**RECORDS PROVIDED**

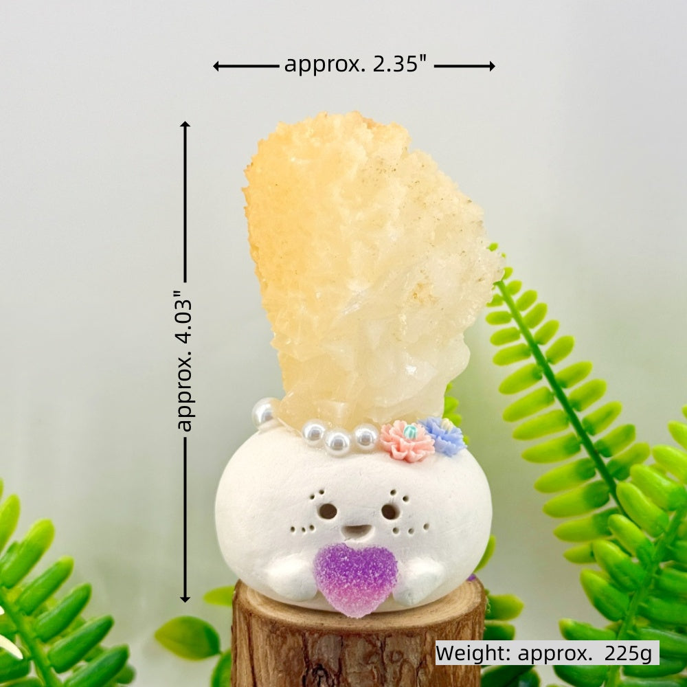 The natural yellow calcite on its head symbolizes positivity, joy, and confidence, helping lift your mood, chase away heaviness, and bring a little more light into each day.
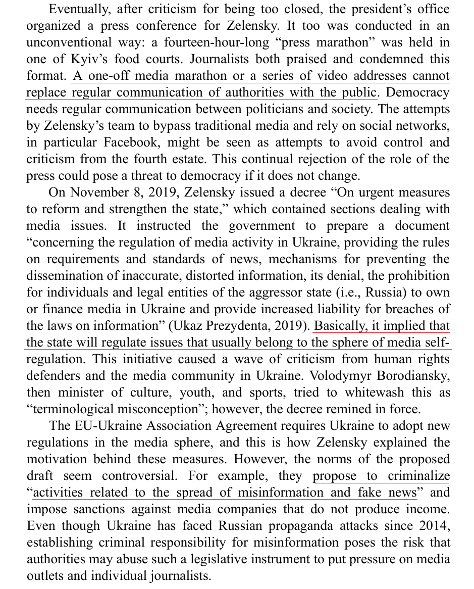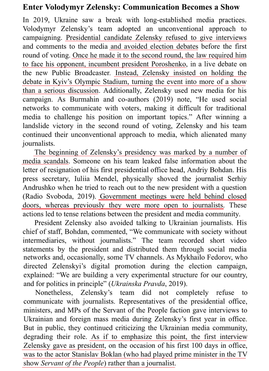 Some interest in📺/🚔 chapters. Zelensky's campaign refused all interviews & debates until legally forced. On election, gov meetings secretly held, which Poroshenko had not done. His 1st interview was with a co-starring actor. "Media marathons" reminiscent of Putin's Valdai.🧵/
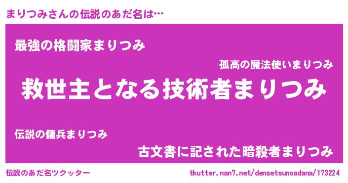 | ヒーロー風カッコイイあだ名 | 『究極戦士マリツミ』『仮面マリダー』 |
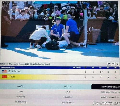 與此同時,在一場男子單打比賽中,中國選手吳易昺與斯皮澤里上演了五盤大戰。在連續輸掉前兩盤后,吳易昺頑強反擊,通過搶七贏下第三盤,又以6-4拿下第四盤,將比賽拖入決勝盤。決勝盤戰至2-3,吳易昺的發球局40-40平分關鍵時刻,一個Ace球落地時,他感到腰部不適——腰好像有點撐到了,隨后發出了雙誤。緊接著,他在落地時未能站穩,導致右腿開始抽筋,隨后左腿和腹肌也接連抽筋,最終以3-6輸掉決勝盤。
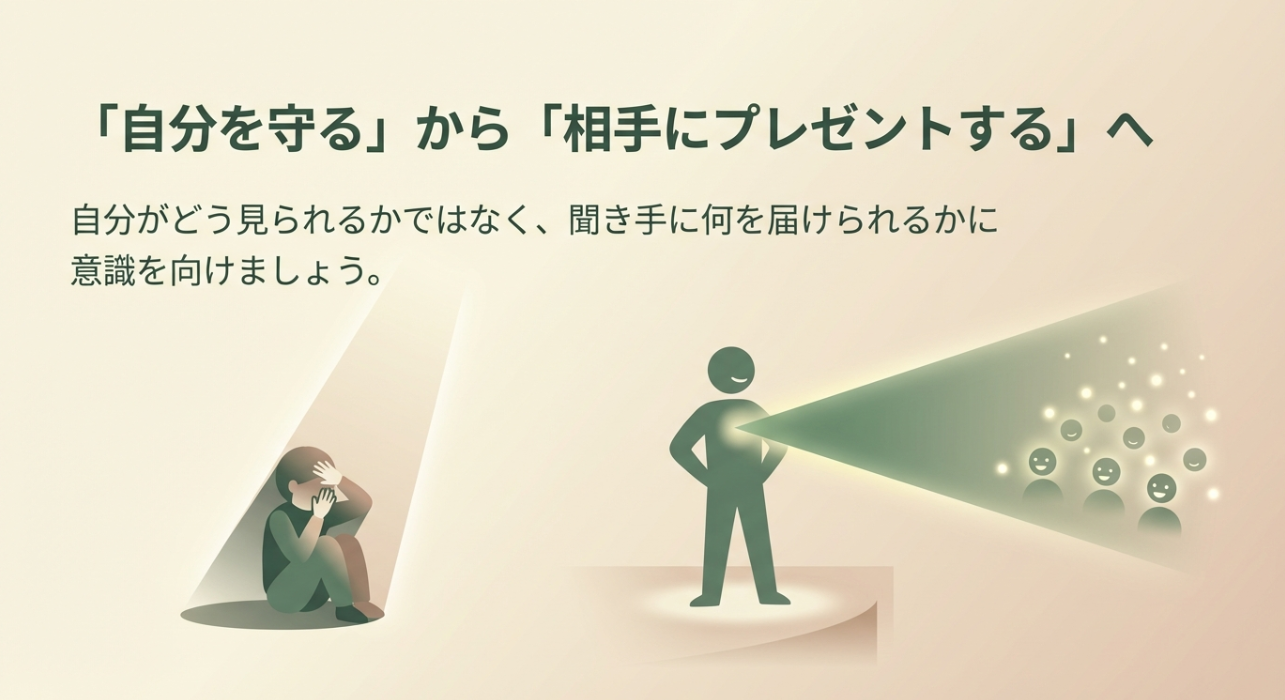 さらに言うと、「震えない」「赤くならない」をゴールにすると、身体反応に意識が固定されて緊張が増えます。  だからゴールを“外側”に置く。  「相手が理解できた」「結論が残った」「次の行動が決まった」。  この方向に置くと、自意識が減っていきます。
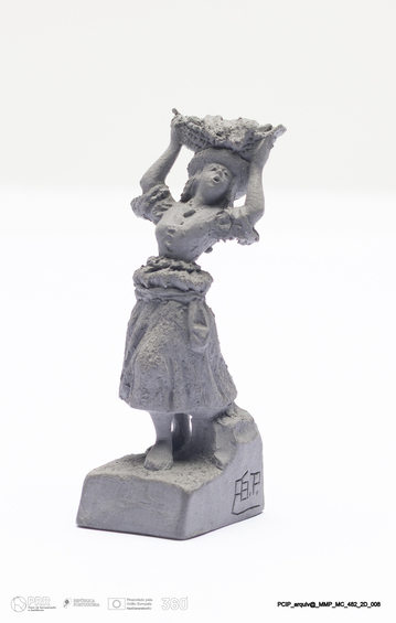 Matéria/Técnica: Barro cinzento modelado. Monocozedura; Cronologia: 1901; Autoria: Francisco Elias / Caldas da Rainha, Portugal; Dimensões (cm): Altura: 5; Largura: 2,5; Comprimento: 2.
--
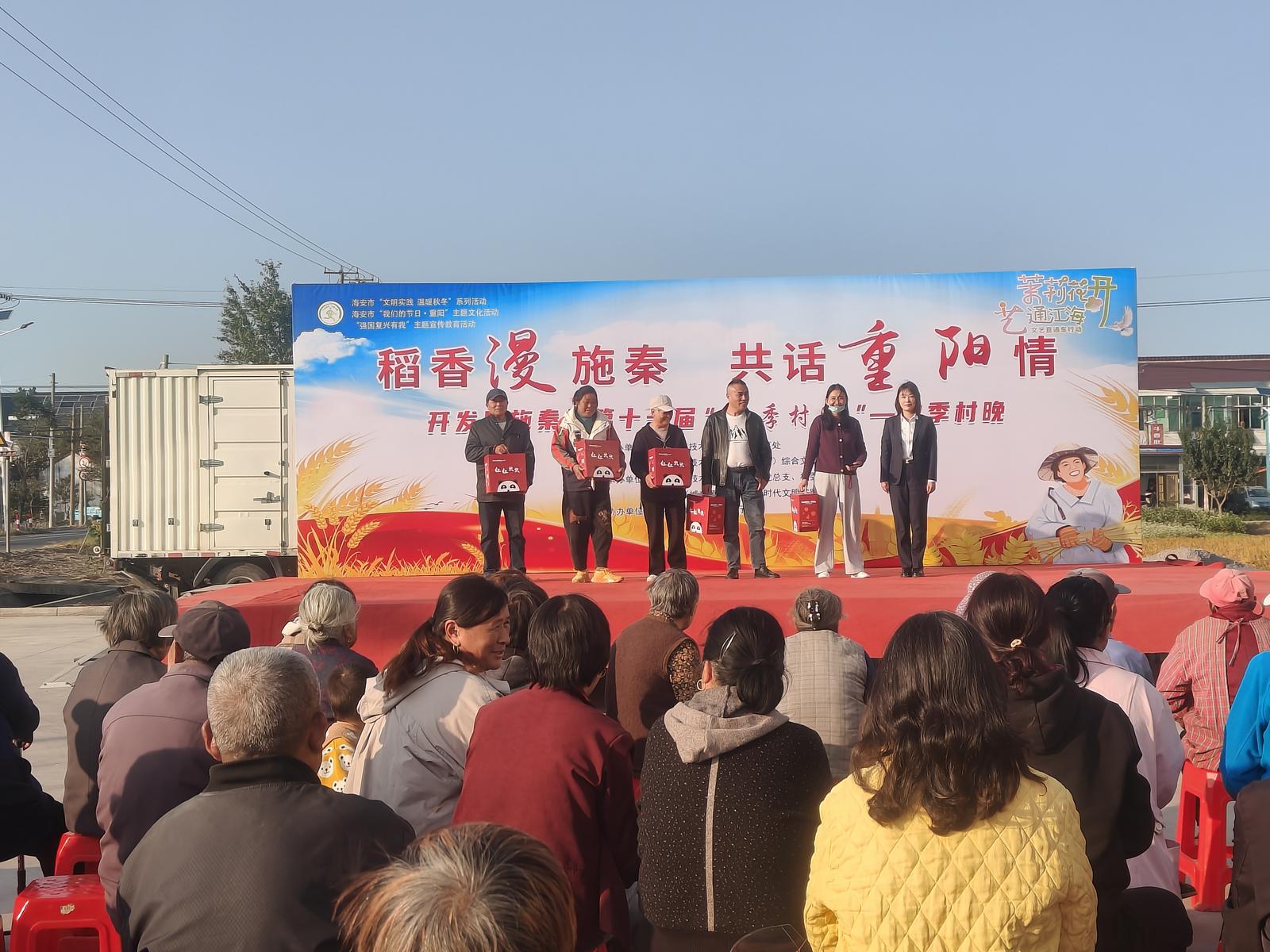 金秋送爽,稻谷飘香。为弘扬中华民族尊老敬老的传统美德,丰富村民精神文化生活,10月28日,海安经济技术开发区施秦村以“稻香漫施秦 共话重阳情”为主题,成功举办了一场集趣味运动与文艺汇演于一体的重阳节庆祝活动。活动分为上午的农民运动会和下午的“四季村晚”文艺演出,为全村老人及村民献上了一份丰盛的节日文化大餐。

**TRY IT**
Starting at the line above that holds "ヒーロー風カッコイイあだ名 | 『究極戦士マリツミ』『仮面マリダー』 |", repeat every line exactly down to and including the line that holds "Matéria/Técnica: Barro cinzento", then stop. Do not carry over any pictures.

**ANSWER SECTION**
 | ヒーロー風カッコイイあだ名 | 『究極戦士マリツミ』『仮面マリダー』 |
 與此同時,在一場男子單打比賽中,中國選手吳易昺與斯皮澤里上演了五盤大戰。在連續輸掉前兩盤后,吳易昺頑強反擊,通過搶七贏下第三盤,又以6-4拿下第四盤,將比賽拖入決勝盤。決勝盤戰至2-3,吳易昺的發球局40-40平分關鍵時刻,一個Ace球落地時,他感到腰部不適——腰好像有點撐到了,隨后發出了雙誤。緊接著,他在落地時未能站穩,導致右腿開始抽筋,隨后左腿和腹肌也接連抽筋,最終以3-6輸掉決勝盤。
 さらに言うと、「震えない」「赤くならない」をゴールにすると、身体反応に意識が固定されて緊張が増えます。  だからゴールを“外側”に置く。  「相手が理解できた」「結論が残った」「次の行動が決まった」。  この方向に置くと、自意識が減っていきます。
 Matéria/Técnica: Barro cinzento modelado. Monocozedura; Cronologia: 1901; Autoria: Francisco Elias / Caldas da Rainha, Portugal; Dimensões (cm): Altura: 5; Largura: 2,5; Comprimento: 2.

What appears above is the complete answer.